To derive the formula for \(C(\ell, k)\), we first recall that the number of ways to partition \(n\) elements into \(k\) non-empty sets is known as the Stirling number of the second kind and is denoted by \(\tiny\bigg\{%
\begin{matrix}
n \\
k
\end{matrix}
\bigg\} \)^{313}. It can be computed using the formula

\[\begin{equation*} \bigg\{% \begin{matrix} n \\ k \end{matrix} \bigg\} = \frac{1}{k!}\sum_{i=0}^k(-1)^i\bigg( \begin{matrix} k \\ i \end{matrix} \bigg) (k-i)^n \end{equation*}\]

Let \(j\) be the number of the \(i(\ell)\) \(\ell\)-mers that are assigned to \(S_0\). Note this does not include the \(\ell\)-mers that are self-complementary that are forced to be in \(S_0\). Let \(C(\ell,k,j)\) be the number of ways that \(i(\ell)\) \(\ell\)-mers can be partitioned into \(k+1\) sets \(S_0, \ldots, S_k\), such that \(j\) of the \(\ell\)-mers go into \(|S_0|\) and \(S_1, \ldots, S_k\) to are non-empty. We need to consider several cases depending on the value of \(j\):

In the case that \(j = 0\), we are partitioning the \(i(\ell)\) inputs among non-empty sets \(S_1, \ldots, S_k\). Then \(C(\ell, k,j) = \tiny{\bigg\{% \begin{matrix} i(\ell) \\ k \end{matrix} \bigg\} }\).

In the case that \(1 \leq j \leq i(\ell) - k\), there are \(\tiny{\bigg( \begin{matrix} i(\ell) \\ j \end{matrix} \bigg) }\) ways to choose which \(j\) \(\ell\)-mers are in \(S_0\), and \(\tiny{\bigg\{% \begin{matrix} i(\ell) - j \\ k \end{matrix} \bigg\} }\) ways to partition the remaining \(\ell\)-mers into \(S_1, \ldots, S_k\). Hence, \(C(\ell, k,j) = \tiny{\bigg( \begin{matrix} i(\ell) \\ j \end{matrix} \bigg) }\tiny{\bigg\{% \begin{matrix} i(\ell) - j \\ k \end{matrix} \bigg\} }\).

In the case that \(j > i(\ell) - k\), it is impossible to partition the remaining \(k\) (or fewer) \(\ell\)-mers into \(S_1, \ldots, S_k\) such that the sets are non-empty. Recall that as we assume the dimension is \(k\), each set must contain at least one element. Hence, \(C(\ell, k,j) = 0\).

Putting this together into Equation (3.2), we get

\[\begin{equation*} N(\ell) = \sum_{k=1}^4 o(k) \bigg( \bigg\{% \begin{matrix} i(\ell) \\ k \end{matrix} \bigg\} + \sum_{j=1}^{i(\ell) - k}\bigg( \begin{matrix} i(\ell) \\ j \end{matrix} \bigg) \bigg\{% \begin{matrix} i(\ell)-j \\ k \end{matrix} \bigg\} \bigg) \end{equation*}\]
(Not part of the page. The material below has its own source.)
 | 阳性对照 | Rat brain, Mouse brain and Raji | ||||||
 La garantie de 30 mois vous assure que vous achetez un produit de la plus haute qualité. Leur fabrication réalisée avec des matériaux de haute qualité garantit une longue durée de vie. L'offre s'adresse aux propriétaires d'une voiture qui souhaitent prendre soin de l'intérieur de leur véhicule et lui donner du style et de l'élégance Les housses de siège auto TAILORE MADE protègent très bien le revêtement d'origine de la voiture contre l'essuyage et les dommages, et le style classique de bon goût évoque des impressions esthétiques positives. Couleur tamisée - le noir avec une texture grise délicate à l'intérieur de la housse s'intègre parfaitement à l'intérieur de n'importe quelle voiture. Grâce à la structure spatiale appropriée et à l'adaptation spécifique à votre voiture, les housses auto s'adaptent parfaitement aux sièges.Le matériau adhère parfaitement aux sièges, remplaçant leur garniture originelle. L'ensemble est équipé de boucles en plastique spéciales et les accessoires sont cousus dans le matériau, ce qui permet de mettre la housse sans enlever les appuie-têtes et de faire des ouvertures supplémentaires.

For \(\ell=2\), we have \(N(2)=2,135\) restricted SSRs, which is several orders of magnitude smaller than the initial \(5^{16}\) possible SSRs and allows us to test the performance of all of them. For order-3 SSRs we get \(N(3)=2.9\cdot10^{21}\) which much smaller than the full search space of \(5^{4^3}\approx5.4\cdot10^{44}\), for order-4 SSRs we get a similar reduction in search space with \(N(4)=9.4\cdot10^{84}\) as opposed to the full search space of \(5^{4^4}\approx8.6\cdot10^{178}\). For these higher order SSRs, although the restricted search space is much smaller than the full original one, it is still too large to exhaustively search.
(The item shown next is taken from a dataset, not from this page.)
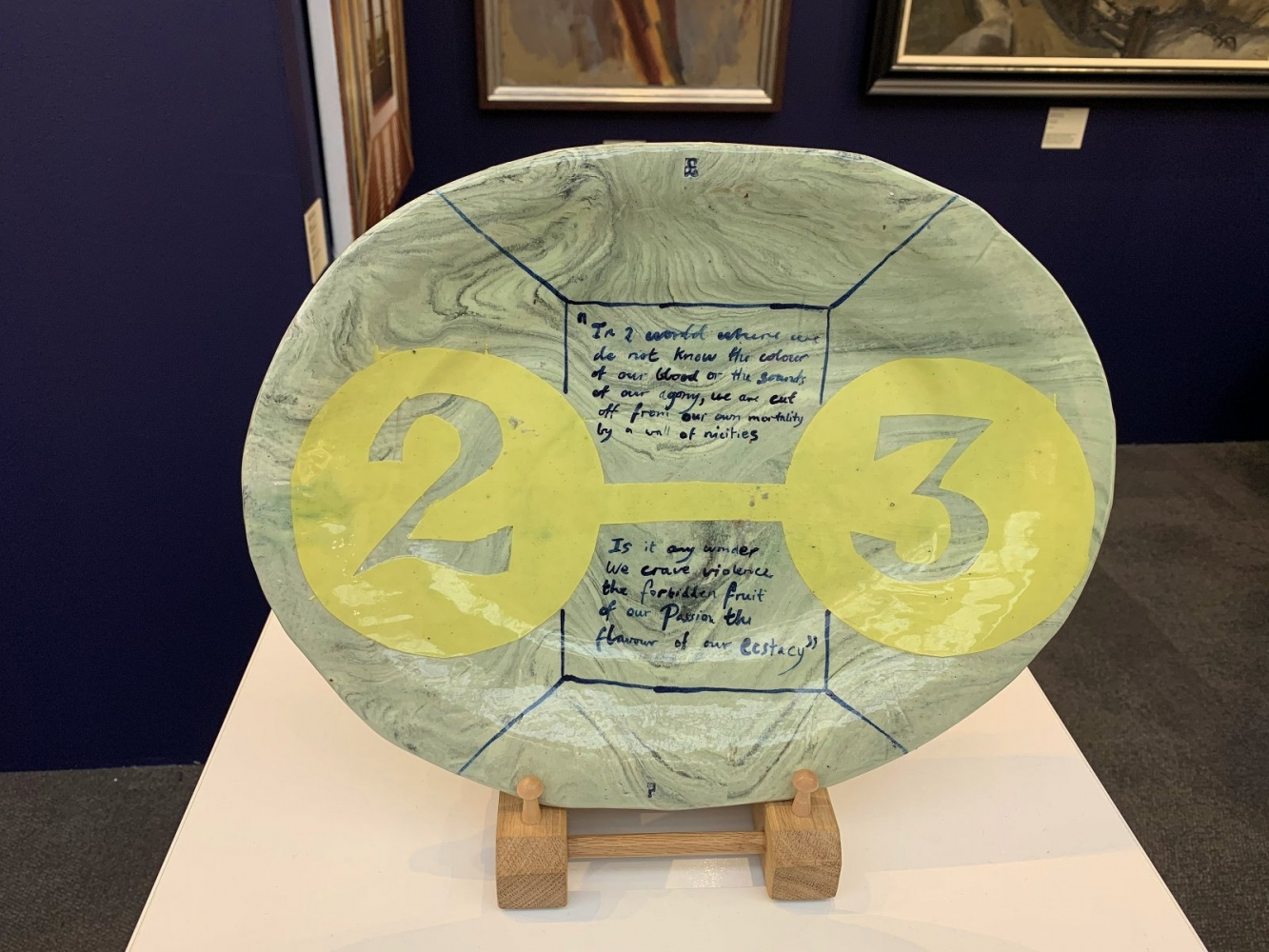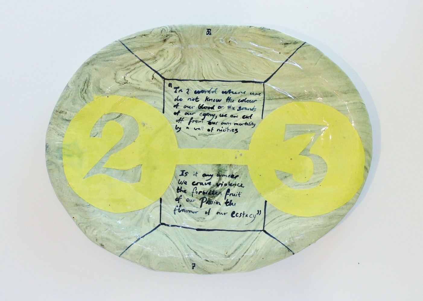 The prose to the front of the dish is likely a quotation from Aleister Crowley (under research), the famous English occultist, poet and oft magician; hence the reference to the number 23, a number of significance within such circles

### 3.2.3 Selection of mapping-friendly sequence reductions

We selected a set of “promising” SSRs starting from all of the SSRs enumerated in Section 3.2.2, that we call *mapping-friendly sequence reductions* (abbreviated *MSR*).
The selection was performed on a 0.5x coverage read set, simulated from a whole human genome assembly^{4}.The transformed reads were mapped to the transformed reference using `minimap2`

and `paftools mapeval`

^{119} was used to compute a mapping error rate.
Note that overfitting SSRs to a particular genome is acceptable in applications where a custom SSR can be used for each genome. Yet in this work, the same set of selected SSR will be used across all genomes.

For each evaluated SSR, we selected, if it exists, the highest mapq threshold for which the mapped read fraction is higher and the mapping error rate is lower than HPC at mapq 60 (\(0.93\) and \(2.1\cdot10^{-3}\) respectively), Figure 3.3 illustrates the idea. Then we identified the 20 SSRs that have the highest fraction of reads mapped at their respective thresholds. Similarly we identified the 20 SSRs with the lowest mapping error rate. Finally we select the 20 SSRs that have the highest percentage of thresholds “better” than HPC at mapq 60; i.e. the number of mapq thresholds for which the SSR has both a higher fraction of reads mapped and lower mapping error rate than HPC at a mapq threshold of 60, divided by the total number of thresholds (=60).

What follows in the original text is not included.